* [HOW TO COMPLETE THIS TASK]:
Word for word, restate the records from their first line through the line with "Рис. 6. Количественные результаты проекта", both ends included; omit each picture.

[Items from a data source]
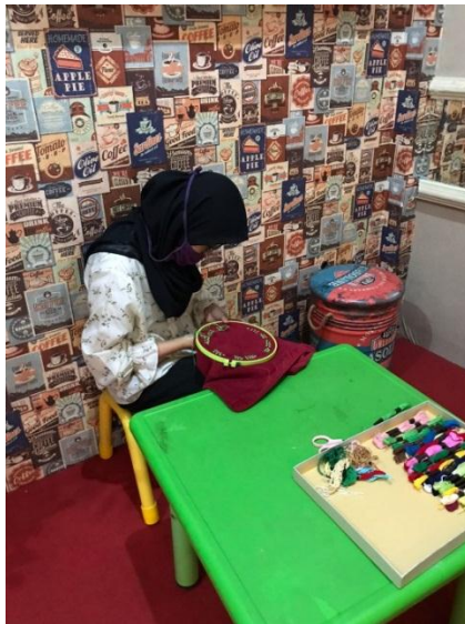
Foto penyandang disabilitas yang sedang melakukan kegiatan vokasional
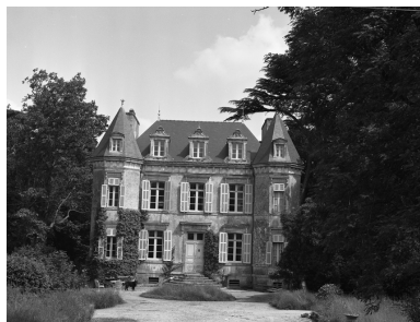
Elévation antérieure.
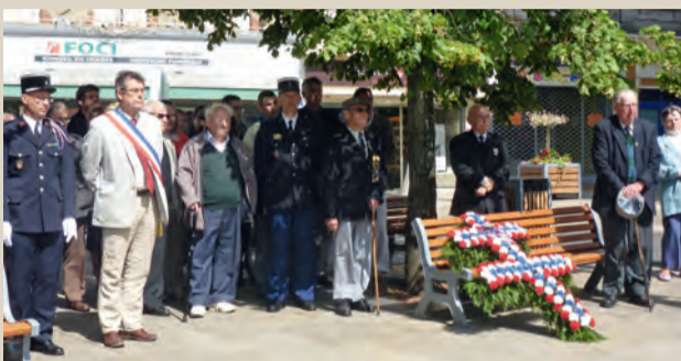
Cérémonie de l'Appel du 18 juin. ■
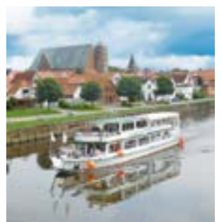
Die Flotte Mittelweser bietet auf dem Fahrgastschiff „Stadt Verden“ vielfältige Fahrten an

Spargelfahrten Im Mai finden wieder die beliebten Spargelfahrten statt. An Bord erwartet die Gäste ein Spargelbuffet zum Sattessen mit allem, was der Spargelfan begehrt: Spargel satt, Schinkenplatte, Salzkartoffeln, Schnitzel, Rührei, Sauce Hollandaise und Buttersauce. Die Spargelfahrten starten um 11 Uhr und finden an folgenden Terminen statt: Montag, 11. Mai; Mittwoch, 13. Mai; Sonntag, 17. Mai und Mittwoch, 20. Mai. Das Fahrgastschiff „Stadt Verden“ bietet auch im Mai wieder die Aller-Weser-Rundfahrten
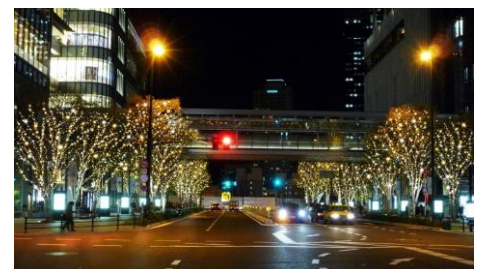
けやき並木イルミネーション 昨年開催時の様子
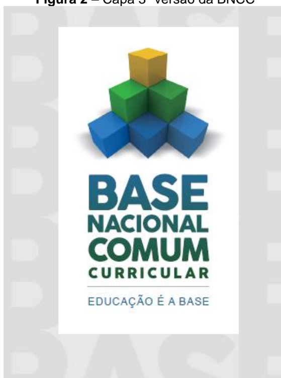
Figura 2 – Capa 3ª versão da BNCC
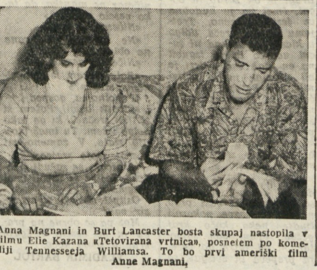
Anna Magnani in Burt Lancaster bosta skupaj nastopila v filmu Elie Kazana «Tetovirana vrtičnica»...
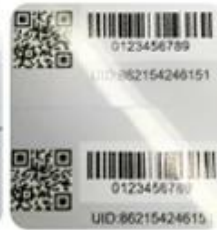
DOD Barcode & QR Code
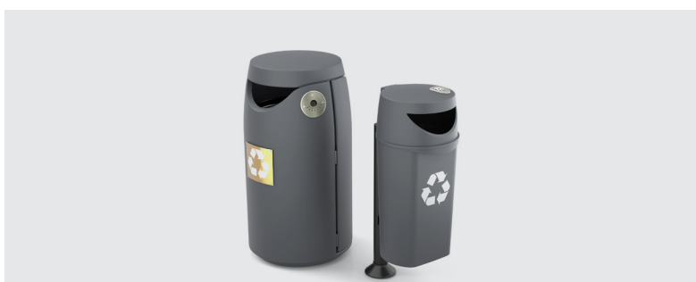
FAMIGLIA DI CESTINI EUROPA

Può essere equipaggiato con una vasta gamma di accessori in grado di fornire soluzioni reali a ogni esigenza.
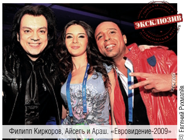
Филипп Киркоров, Аysel и Араш. «Евровидение-2009»

– изобретение бразильских авиаконструкторов «Эмбраер» на вид по размеру кажется меньше своих собратьев-конкурентов, но отличается удобным и весьма просторным салоном, в проходе которого легко работала стюардесса предпенсионного возраста и, скажем так, весомого размера. Она важно рассказывала между сиденьями, разнося воду и бутерброды, как ни странно, включённые в лоукостерс-билеты, и вообще чувствовала себя хозяйкой положения – видимо, это восточное почтение к возрасту.
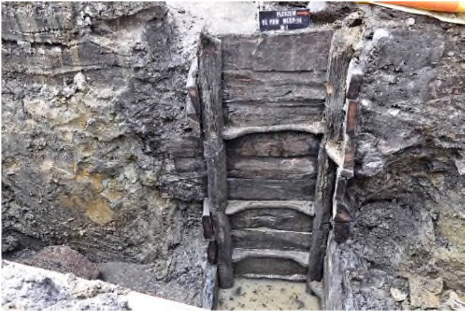
11. Pleszew, Plac Powstańców Wielkopolskich 14: widok na profil drewnianej studni nr 1.
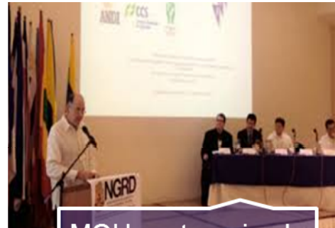
MOU sector privado - UNGRD- OFDA
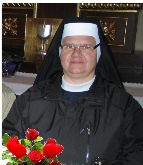
S. M. Agata — Imieniny
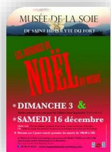
St Hippolyte du Fort, Samedi 16
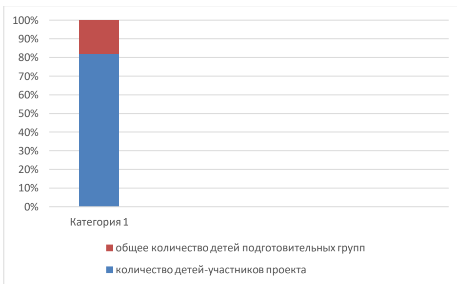
Рис. 6. Количественные результаты проекта

Количественные: Всего в проекте приняло участие 80% детей старшего дошкольного возраста. (Рис.6.) Это свидетельствует о вовлеченности родителей и педагогов, т.к. проект нацелен на всех участников образовательных отношений. Очевидно, что выполнение заданий в рамках проекта детьми не представляется возможным без участия помогающих взрослых.
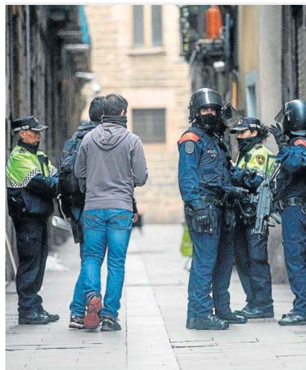
La inseguridad sigue como principal preocupación.

En cuanto a la intención directa de voto, Barcelona en

* [EXPECTED OUTPUT]:
Foto penyandang disabilitas yang sedang melakukan kegiatan vokasional
Elévation antérieure.
Cérémonie de l'Appel du 18 juin. ■
Die Flotte Mittelweser bietet auf dem Fahrgastschiff „Stadt Verden“ vielfältige Fahrten an

Spargelfahrten Im Mai finden wieder die beliebten Spargelfahrten statt. An Bord erwartet die Gäste ein Spargelbuffet zum Sattessen mit allem, was der Spargelfan begehrt: Spargel satt, Schinkenplatte, Salzkartoffeln, Schnitzel, Rührei, Sauce Hollandaise und Buttersauce. Die Spargelfahrten starten um 11 Uhr und finden an folgenden Terminen statt: Montag, 11. Mai; Mittwoch, 13. Mai; Sonntag, 17. Mai und Mittwoch, 20. Mai. Das Fahrgastschiff „Stadt Verden“ bietet auch im Mai wieder die Aller-Weser-Rundfahrten
けやき並木イルミネーション 昨年開催時の様子
Figura 2 – Capa 3ª versão da BNCC
Anna Magnani in Burt Lancaster bosta skupaj nastopila v filmu Elie Kazana «Tetovirana vrtičnica»...
DOD Barcode & QR Code
FAMIGLIA DI CESTINI EUROPA

Può essere equipaggiato con una vasta gamma di accessori in grado di fornire soluzioni reali a ogni esigenza.
Филипп Киркоров, Аysel и Араш. «Евровидение-2009»

– изобретение бразильских авиаконструкторов «Эмбраер» на вид по размеру кажется меньше своих собратьев-конкурентов, но отличается удобным и весьма просторным салоном, в проходе которого легко работала стюардесса предпенсионного возраста и, скажем так, весомого размера. Она важно рассказывала между сиденьями, разнося воду и бутерброды, как ни странно, включённые в лоукостерс-билеты, и вообще чувствовала себя хозяйкой положения – видимо, это восточное почтение к возрасту.
11. Pleszew, Plac Powstańców Wielkopolskich 14: widok na profil drewnianej studni nr 1.
MOU sector privado - UNGRD- OFDA
S. M. Agata — Imieniny
St Hippolyte du Fort, Samedi 16
Рис. 6. Количественные результаты проекта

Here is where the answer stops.